Endro yang tingginya menyamai pemain basket dunia itu, menatap Lea dengan jijik. "Enyah kau sampah masyarakat. Seharusnya kamu membusuk di dalam tahanan." Dengan cepat dia mengalihkan pandangannya. Nada suaranya melembut ketika dia meraih pundak Michel yang letih. "Michel, ayo, saya antar kamu pulang."

Michel spontan mundur dan mendekap dirinya yang gemetar ketakutan."Ti-tidak perlu, Kak. Sa-saya bisa pulang sendiri."

Endro menggelengkan kepala. "Bagaimana sih ... mukamu sudah pucat sekali.
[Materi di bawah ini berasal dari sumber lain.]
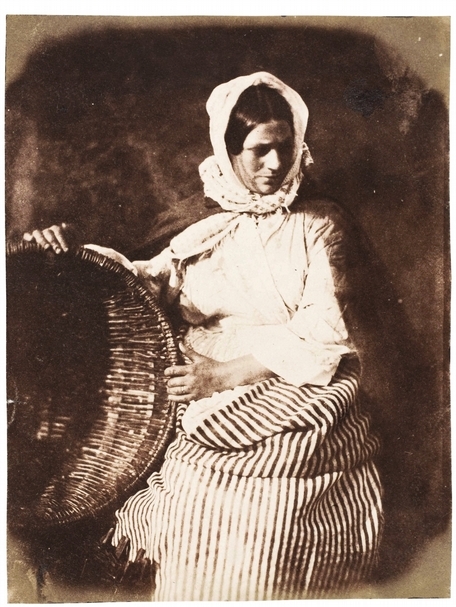 大衛.希爾與羅伯特.亞當森(David Octavius Hill and Robert Adamson), 《紐哈芬的賣魚婦》(Newhaven Fishwife ),1843-6, 紙質負片印製之銀鹽相紙沖印,19.5 × 14.7 公分,大都會博物館收藏。

Sampai kamu tidak mengenakan sepatu begitu. Kamu harus pulang bersama saya. Tidak ada tapi-tapian." Pergelangan tangan Michel ditarik paksa oleh Endro. Dingin. Seperti bukan orang yang Michel kenal saja.

Apakah seperti ini orang baik yang sedang marah?

Menakutkan.

Michel menoleh ke belakang, melihat Lea yang menatap lurus kepadanya. Ekspresinya tidak bisa dibaca. Pipi kanan Lea memar dan itu semua karena dirinya.
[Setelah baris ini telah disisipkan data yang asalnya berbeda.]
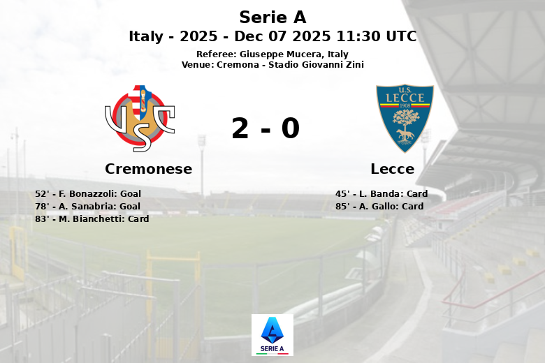 Cremona, Italy – In a hard-fought match at the Stadio Giovanni Zini, Cremonese defeated Lecce in a Serie A encounter marked by intensity and cards. Referee Giuseppe Mucera had a busy afternoon, issuing yellow cards to L. Banda and A. Gallo of Lecce, as well as M. Bianchetti of Cremonese.

Kenapa kamu diam saja? Kenapa kamu tidak melawan balik? Michel berteriak dalam batin sebab mulutnya tidak bisa dia gerakan sebagaimana mestinya.

Gadis yang tidak berdaya itu dibawa ke mobil Endro yang diparkir di pinggir jalan. Terlihat sekali kendaraan itu diparkir secara tiba-tiba karena posisi ban yang masih berbelok tajam ke arah trotoar.

Pintu mobil berwarna hitam itu dibukakan Endro, kemudian dia mendorong lembut punggung Michel untuk naik dan duduk di kursi penumpang. Dia pun berlalu, masuk ke mobil melalui pintu di seberangnya. Mesin matik itu dinyalakan dan udara sejuk mulai memenuhi seluruh bagian mobil.

Endro menarik napas dalam-dalam dan mengeluarkannya dengan perlahan. Dia memandang Michel yang duduk di sebelahnya. "Maafkan aku, Michel. Aku tidak bermaksud untuk membentakmu di sana. Cuman ... gara-gara aku melihat dirimu bersama anak pembawa sial itu, rasa amarahku memuncak dan tidak bisa dikendalikan. Sekali lagi, maaf."

Michel mengangguk dan berkata dengan nada lemas. "Bawa saya pulang ke kos."

"Tapi kakimu berdarah, Michel. Kita pergi dulu ke poliklinik kampus."

"Tidak usah. Saya hanya butuh istirahat." Michel menjawab tanpa menunjukkan ekspresi apapun.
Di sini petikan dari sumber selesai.